◆ **WHAT IS EXPECTED**
Every record is to be printed exactly as written; pictures are to be omitted.

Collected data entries
• • • •
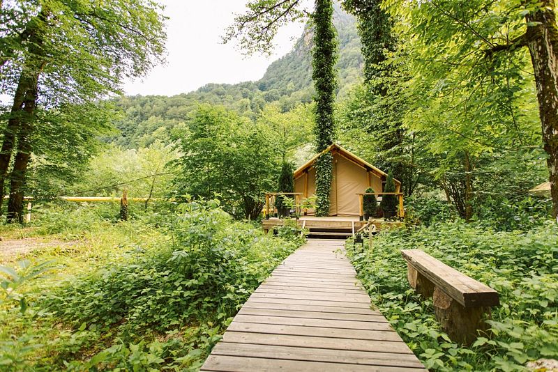 Глэмпинг находится вблизи Сочинского Национального парка, в трёх километрах от села Чвижепсе, в уединенном месте — 30 минут от Адлера, и вы окажитесь в другой реальности.
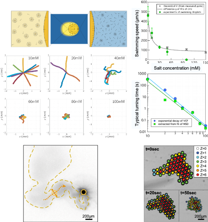 Ordinary oil droplets in water are too big to move by Brownian motion driven by thermal fluctuations, however they can swim if they dissolve in their surroundings in a way that causes an asymmetry in the surfactants at the interface. Understanding this phenomenon is important because it allows us to tune key parameters, such as the droplet speed and turning frequency, but also because the locomotion of droplets mimics the chemotaxis of microorganisms in their own secretion.
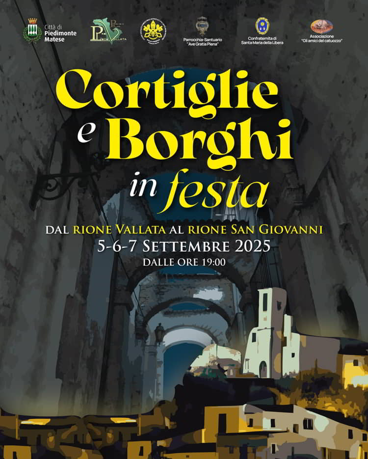 Dal 5 al 7 Settembre 2025, il Comune di Piedimonte Matese organizza Cortiglie e Borghi in Festa dal Rione Vallata al Rione San Giovanni.
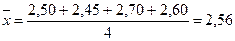 Пример: определить среднюю цену на сахар за год, если средняя цена в первом квартале составила 2,50; во втором – 2,45; в третьем – 2,70; в четвертом – 2,60. Так как частоты равны единице, то используется средняя арифметическая простая:
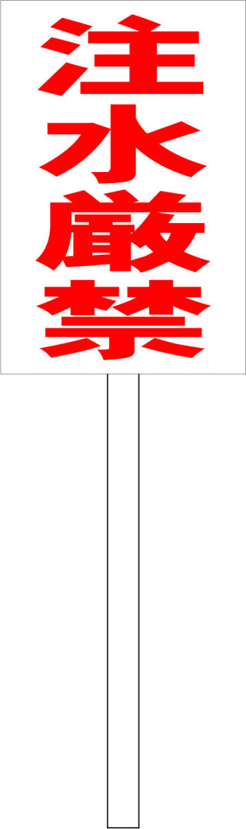 > シンプル立札看板 「注水厳禁(赤)」工場・現場 屋外可(面板 約H45.5cmxW30cm)全長1m
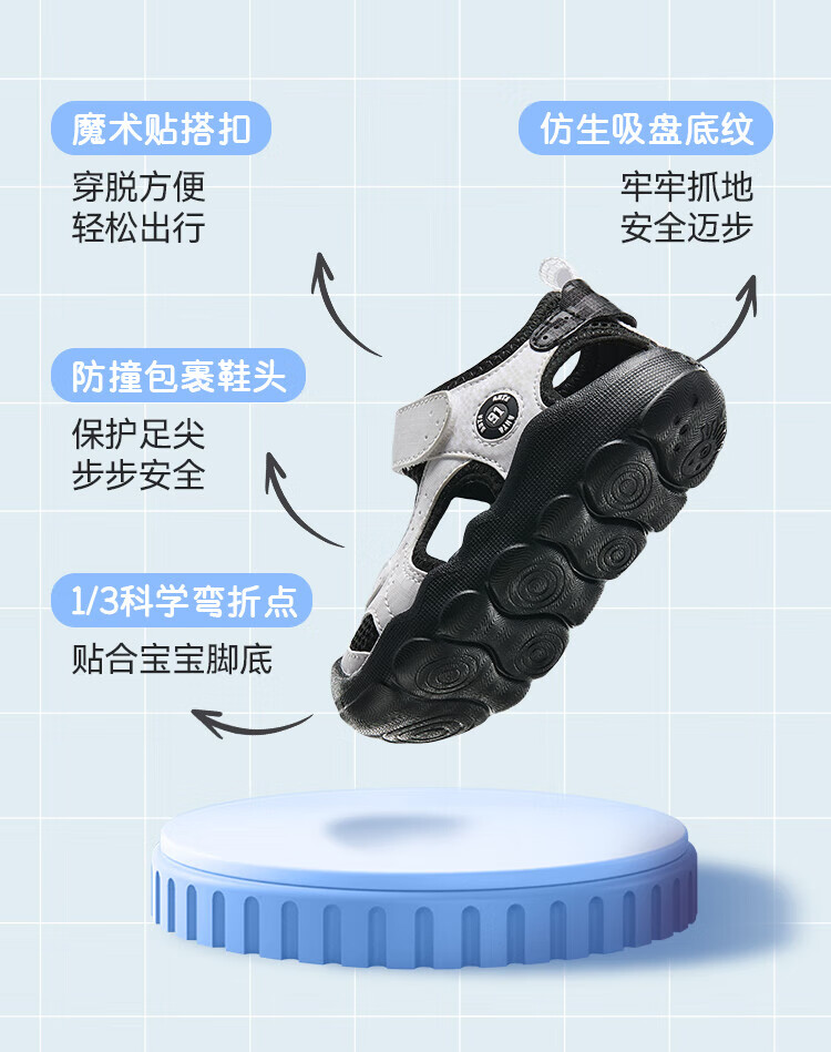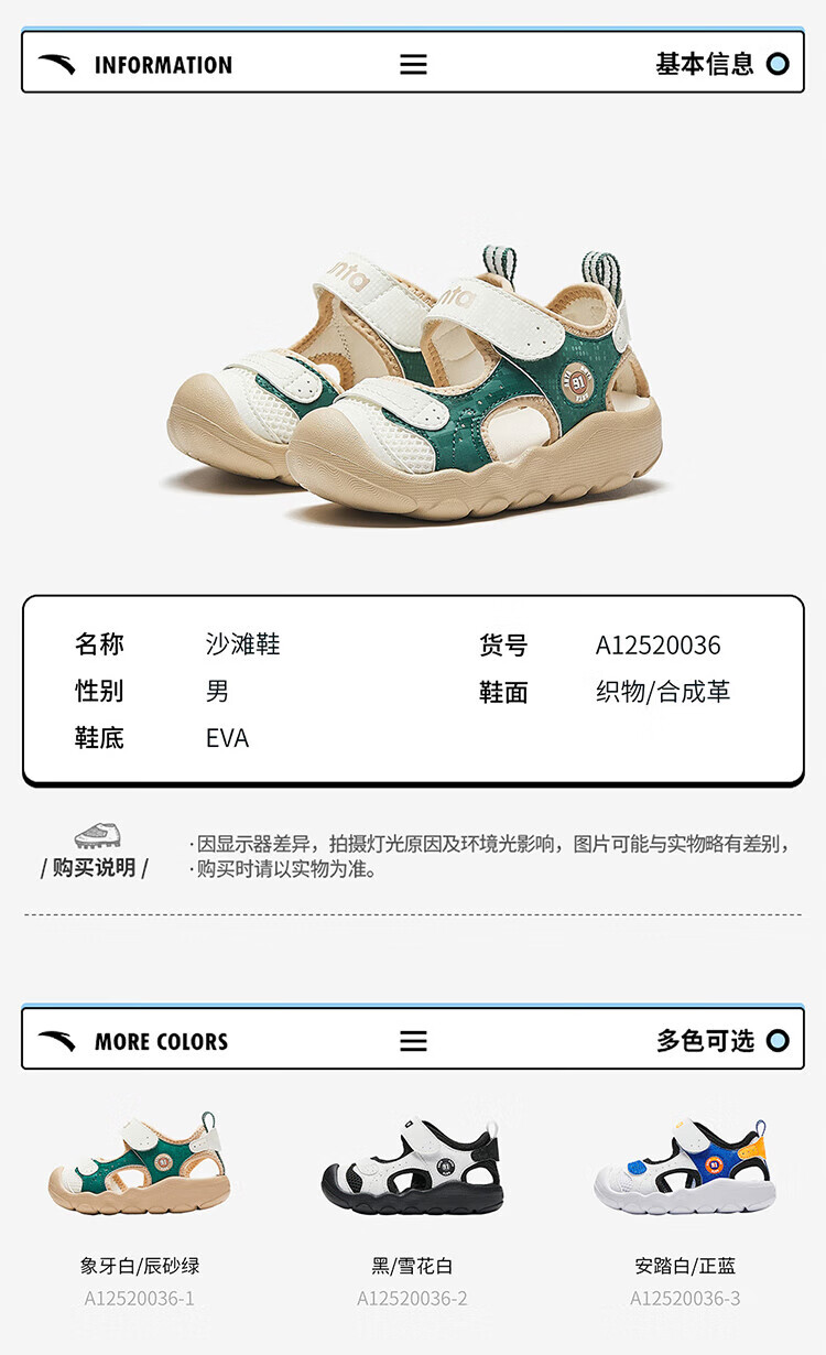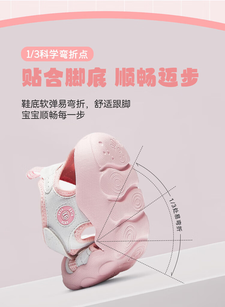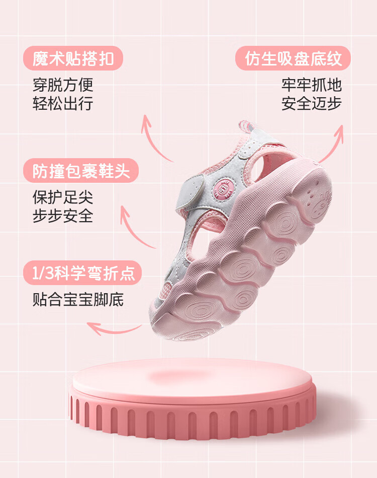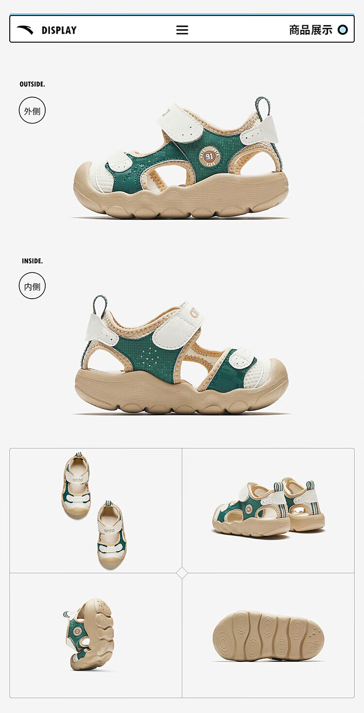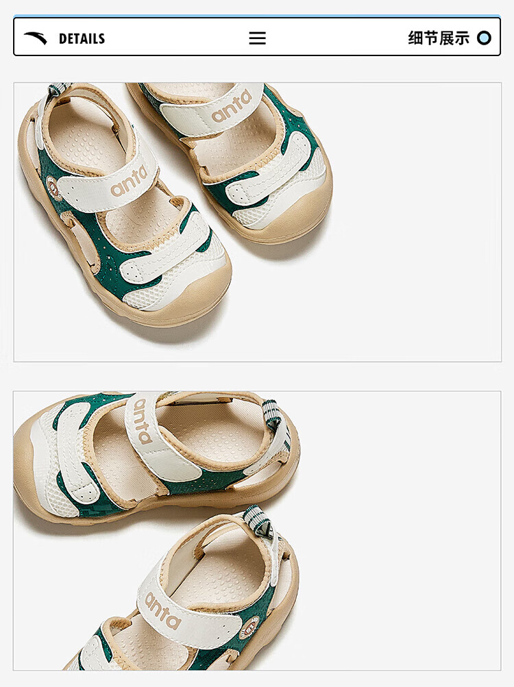 ANTA Children's Sandals Baby Shoes 2025 Summer New Velcro Toe Anti-collision Soft Elastic Beach Shoes Women Pink/ANTA White/Danube Blue-2 20
• • • •
◆ **COMPLETED EXERCISE**
 Глэмпинг находится вблизи Сочинского Национального парка, в трёх километрах от села Чвижепсе, в уединенном месте — 30 минут от Адлера, и вы окажитесь в другой реальности.
 Ordinary oil droplets in water are too big to move by Brownian motion driven by thermal fluctuations, however they can swim if they dissolve in their surroundings in a way that causes an asymmetry in the surfactants at the interface. Understanding this phenomenon is important because it allows us to tune key parameters, such as the droplet speed and turning frequency, but also because the locomotion of droplets mimics the chemotaxis of microorganisms in their own secretion.
 Dal 5 al 7 Settembre 2025, il Comune di Piedimonte Matese organizza Cortiglie e Borghi in Festa dal Rione Vallata al Rione San Giovanni.
 Пример: определить среднюю цену на сахар за год, если средняя цена в первом квартале составила 2,50; во втором – 2,45; в третьем – 2,70; в четвертом – 2,60. Так как частоты равны единице, то используется средняя арифметическая простая:
 > シンプル立札看板 「注水厳禁(赤)」工場・現場 屋外可(面板 約H45.5cmxW30cm)全長1m
 ANTA Children's Sandals Baby Shoes 2025 Summer New Velcro Toe Anti-collision Soft Elastic Beach Shoes Women Pink/ANTA White/Danube Blue-2 20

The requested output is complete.